会議開始3日目、ツバル政府は、中国、インド、サウジアラビアなどの発展途上国というには十分に工業化された国々も、排出削減義務を追うべきだとして、すでに提案してきた先の2点、特に法的な拘束力について検討する分科会の開催を提案した。ツバル政府のこのアクションは「Tuvalu Protocol」と呼ばれ、真の意味での削減を求めるNGOからは喝采を浴びて受け入れられたが、一部の先進国と発展途上国は条約や議定書に法的な拘束力を設けることを嫌がり、分科会の開催自体を拒んだのであった。

ニュースでは先進国対途上国という単純な図式ではなく、途上国間にも異なる意見があることを浮き彫りにした、と伝えられたが、実際は排出削減義務を負わなければならない大量排出国が、排出義務を法的に拘束されることを嫌っているという事実が浮き彫りにされたということだろう。
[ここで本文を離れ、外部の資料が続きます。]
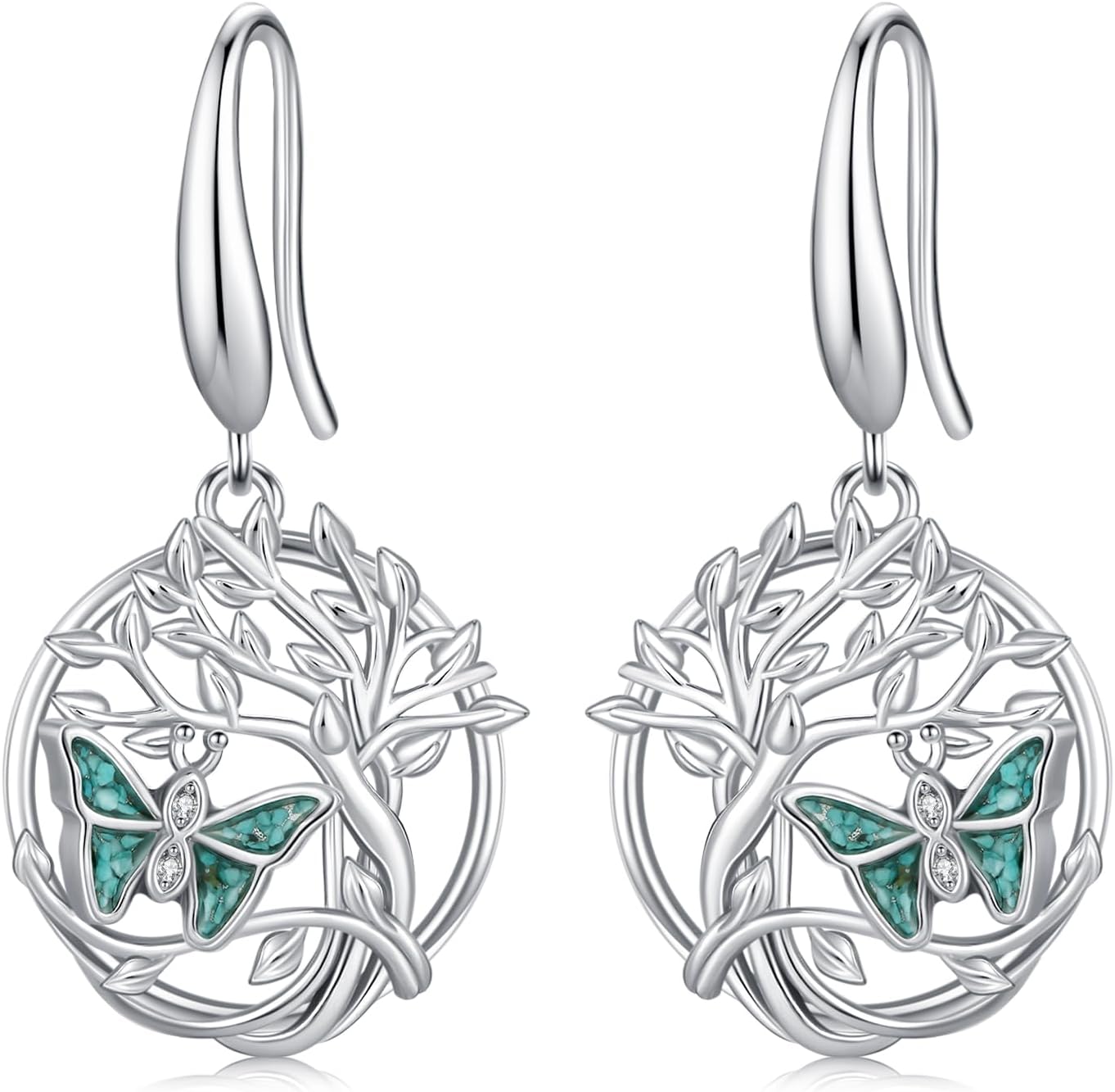 Tree of Life Earrings 925 Sterling Silver Hypoallergenic Turquoise Tree Butterfly Dragonfly Dangle Drop Earrings for Women Tree Jewelry Gifts

つまり、本気で削減しようとは考えていないということである。すでに温室効果ガスを大量に排出している国々にとって、気候変動問題を語るこの会議は、国益を守るための取引の場所でしかなかったのだ。

ツバルの首相アピサイ・イエレミアは、16日に行った演説で、「これらの提案は京都議定書を差し替える内容ではなく、同議定書を強化する内容です。京都で行ったように、われわれはコペンハーゲン議定書に署名をするためにやってきました」と語った。

また、「見せかけの合意ではなく、法的拘束力のある協定に名前を残す用意があります。われわれの目の前にすぐに使える資金が準備されていることは知っていますが、短期間の資金で長期間の未来を買うことができません」とも述べた。ツバルは資金援助の取引に来たわけではないという明確なメッセージの発信であった。